Это подводит меня к самому важному и последнему моменту. Потому что режимы в диктаторских странах относятся к своим гражданам как к дебилам, которым нужно постоянно говорить, что черное, а что белое, хотя природа дала им по два глаза. Потому что эти режимы не позволяют своим гражданам решать, слушать Ростроповича или нет, читать Солженицына или нет, смотреть «Эрнста Неизвестного» или нет. Кажется, что либо кто-то в верхах советского государства умирает от истерического страха, либо все здание настолько пусто, что его может поколебать даже музыка виолончелиста. Можно ли действительно серьезно относиться к режиму, стирающему имена музыкантов и писателей, можно ли хоть на секунду поверить в такую ​​идеологию, использующую весь репертуар средневековых анафем.

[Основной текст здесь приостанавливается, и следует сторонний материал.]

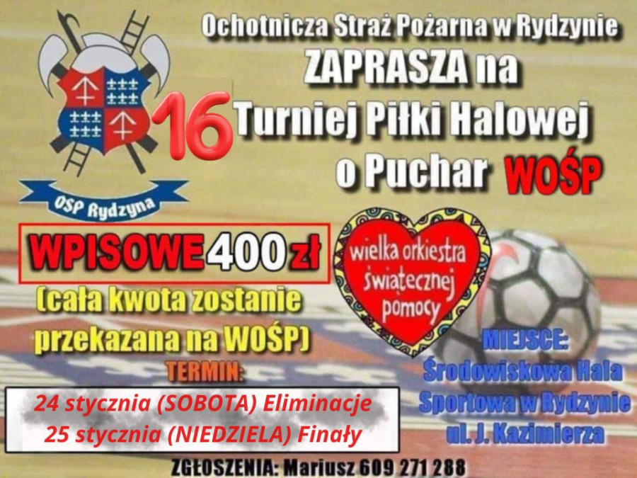 Czas tak szybko płynie, że aż trudno uwierzyć, ale małymi krokami zbliża się Turniej Piłki Halowej o Puchar Wielkiej Orkiestry Świątecznej Pomocy w Rydzynie. Organizatorzy zbierają zgłoszenia od drużyn, które chciałyby zmierzyć się z innymi ekipami.
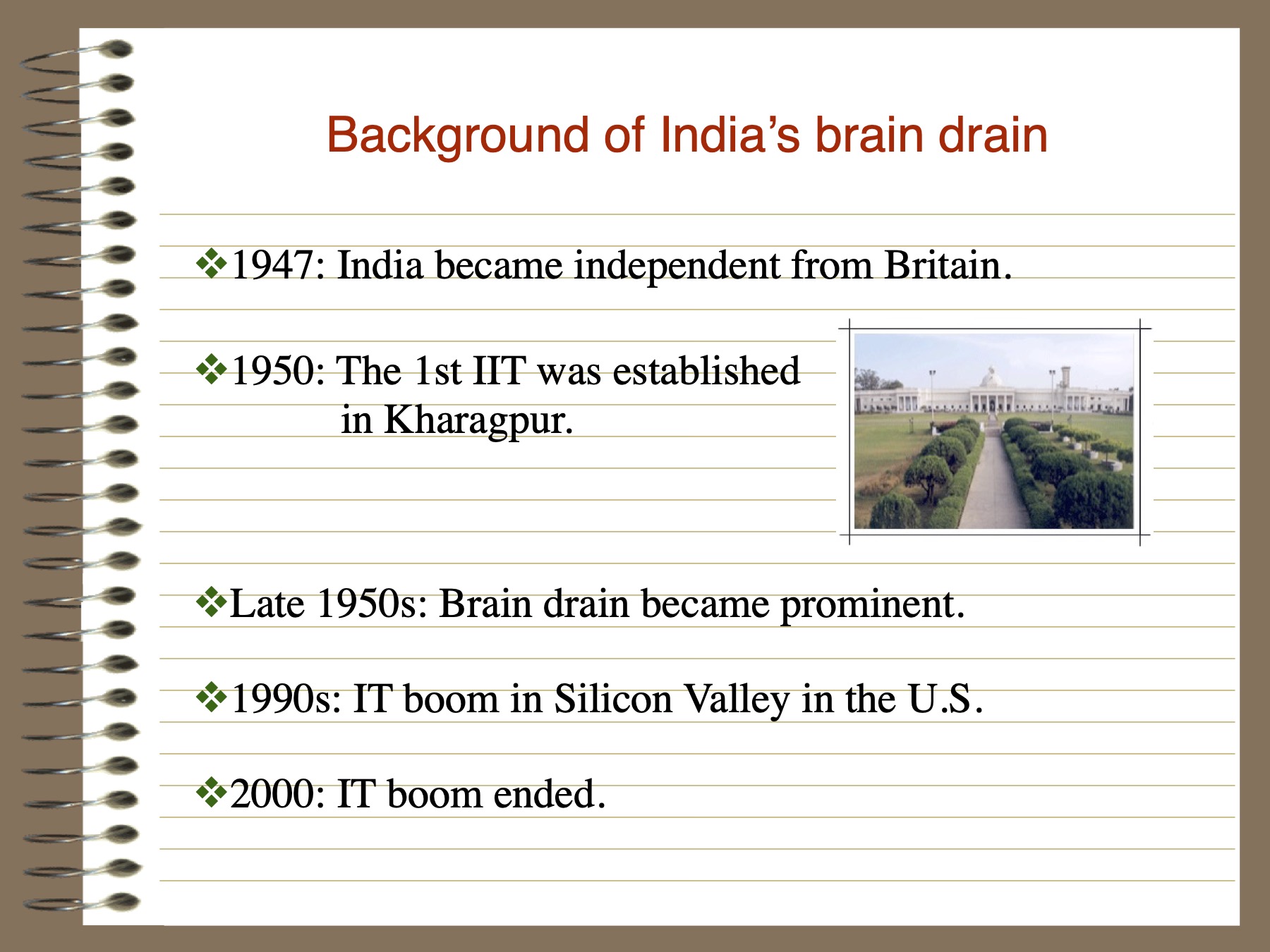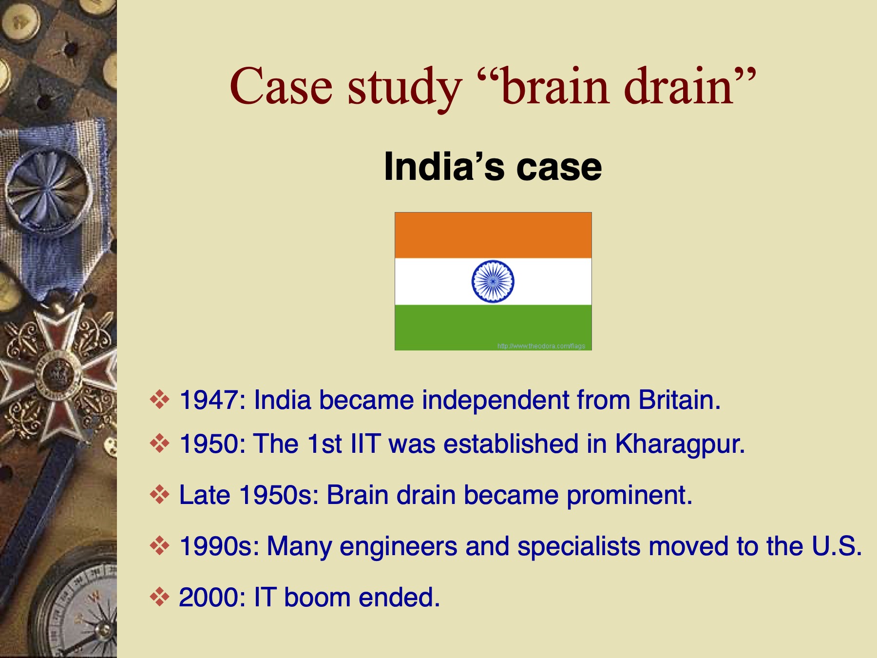 1947幎ãè±åœããç¬ç«ããŠä»¥æ¥ãã€ã³ãã¯ãé è³æµåº(brain drain)ããšããæ·±å»ãªçŸè±¡ã«çŽé¢ããŠããããé è³æµåºãšã¯ãé«åºŠãªæè¡ã身ã«ã€ãã人æãæ¯åœãé¢ããããé«åå ¥ãåŸãããåœãžç§»ãçŸè±¡ãããã (Longman Dictionary)ã1950幎代ã®åŸåããèµ·ããå§ããé è³æµåºã«ãããã€ã³ãã¯é«åŠæŽã®åªç§ãªäººæããç±³åœãäžå¿ãšããå é²è«žåœã«ã茞åºããç¶ããŠããã
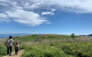 頂上では、きれいな青空と白い雲。あたり一面の笹とすすき。
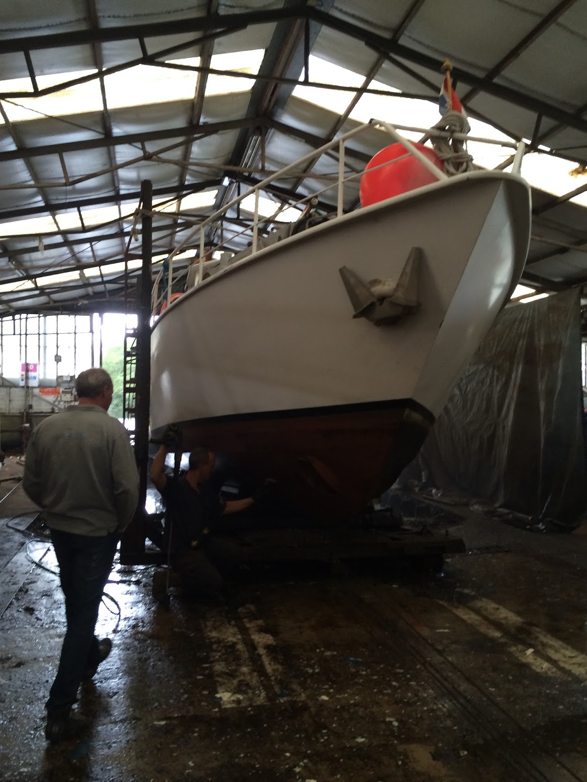 De mast gaat eraf die moet worden geschuurd en geschilderd ook hebben we door laag hangende takken het toplicht eraf geramd, dus ook die moet weer netjes worden gemonteerd.
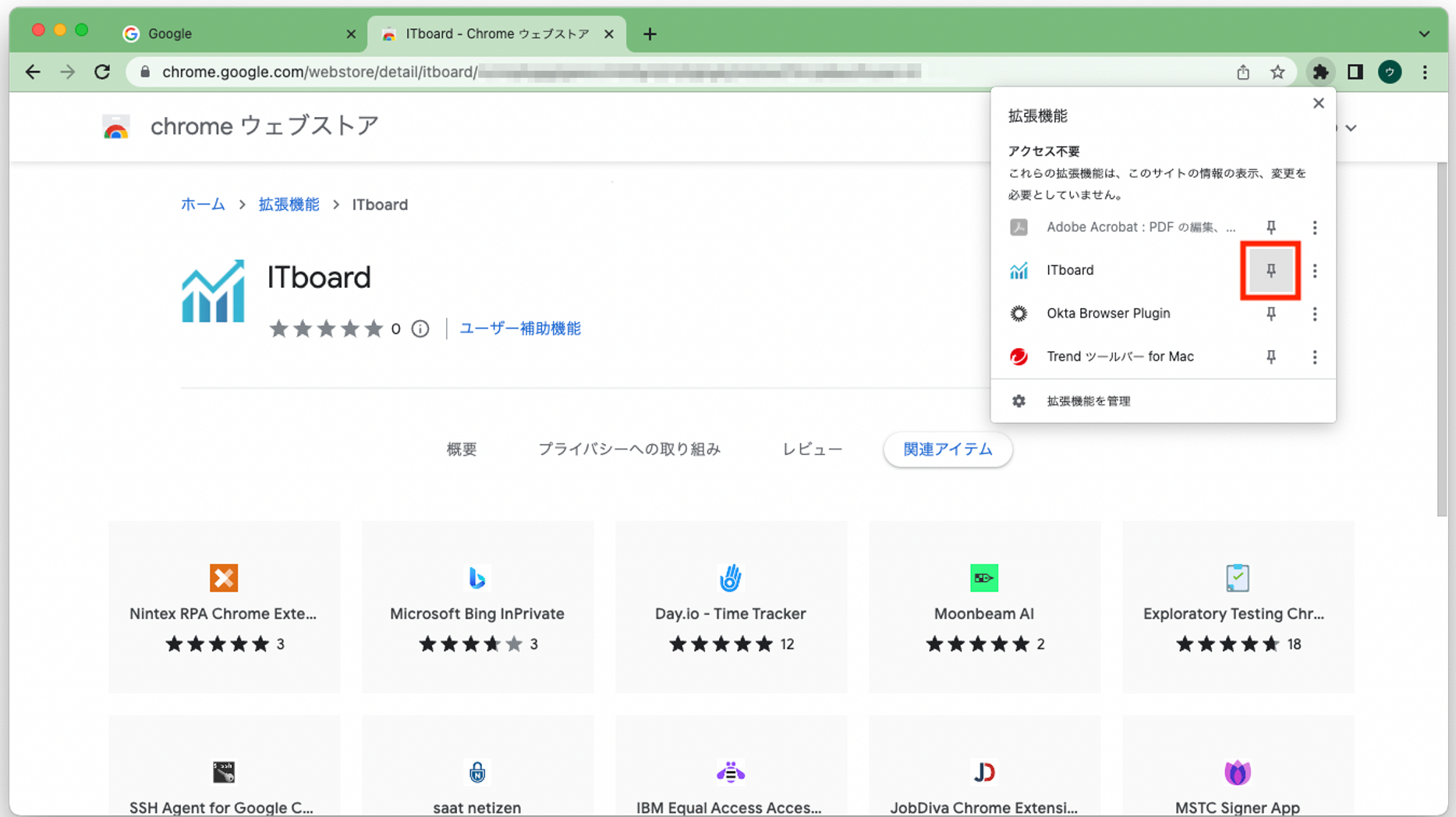拡張機能パネルが開くので、ITboardの右にある「ピン」をクリックします。
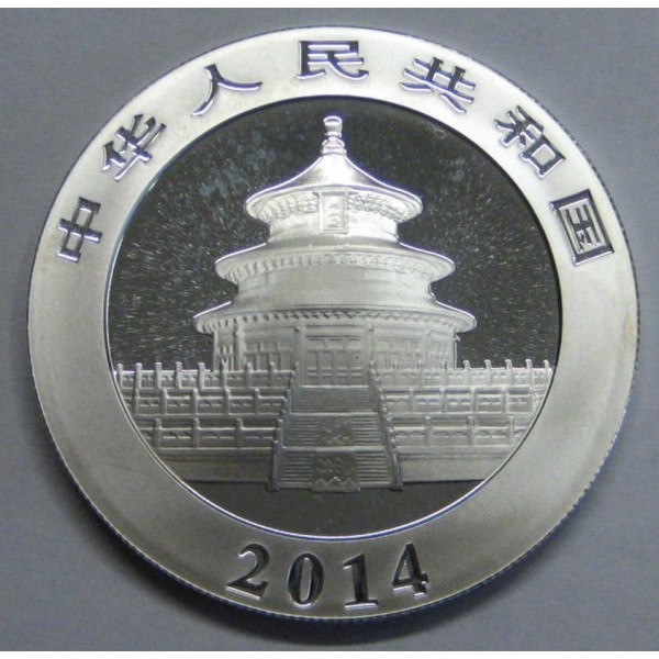 Moneda de China año 2014 de valor 10 YUAN tipo Onza de plata 999 milesimas Moneda conmemorativa del OSO Panda de china. Oso Panda y bambu. Moneda con capsula (sin circular) Leves manchas.
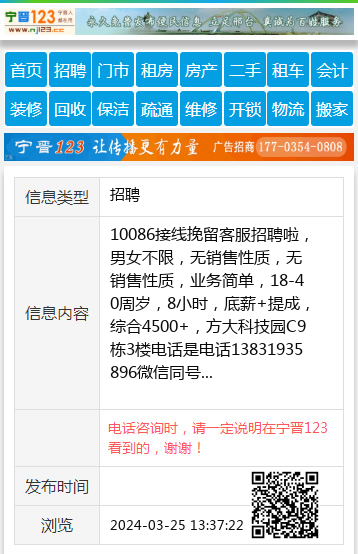 10086接线挽留客服招聘啦,男女不限,无销售性质,无销售性质,业务简单,18-40周岁,8小时,底薪+提成,综合4500+,方大科技园C9栋3楼电话是电话13831935896微信同号 【电话咨询时,请一定说明在宁晋123看到的,谢谢!】 |
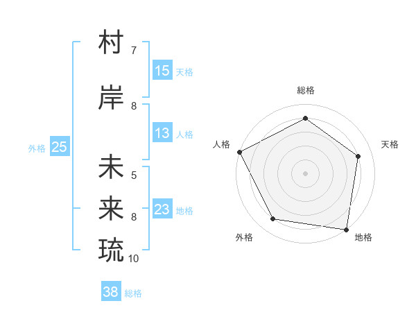 村岸 未来琉さんの総格は38画の4点!
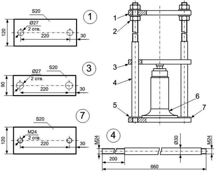 Схема изготовления : 1 – верхняя силовая платформа, 2 – гайки, 3 – нижняя платформа, 4 – шпильки диаметром 30 мм, 5 – нижняя резьба шпилек, 6 – гидравлический домкрат бутылочного типа; 7 – основание толщиной 20 мм
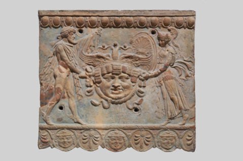 Lastra campana in terracotta: Perseo-Ottaviano offre la testa di Medusa-Cleopatra alla dea Atena, evocando la pacificazione universale dopo la battaglia di Azio del 31 a.C.

Я уверен, что время рассудит это время ясно и категорично, как это всегда было до сих пор. Я уверен, что оно вернет советскому народу и Ростроповича, и Соженицына, как вернуло немцам Томаса Манна, как вернуло испанцам Бунюэля, Пикассо и Казальса, как вернуло чехам Когоута и Гавела. Потому что только больной ум может произнести такое предложение:

"Был один, но теперь его нет и никогда не было !"

Эссе публикуется впервые с любезного разрешения © г-на Любена Маркова.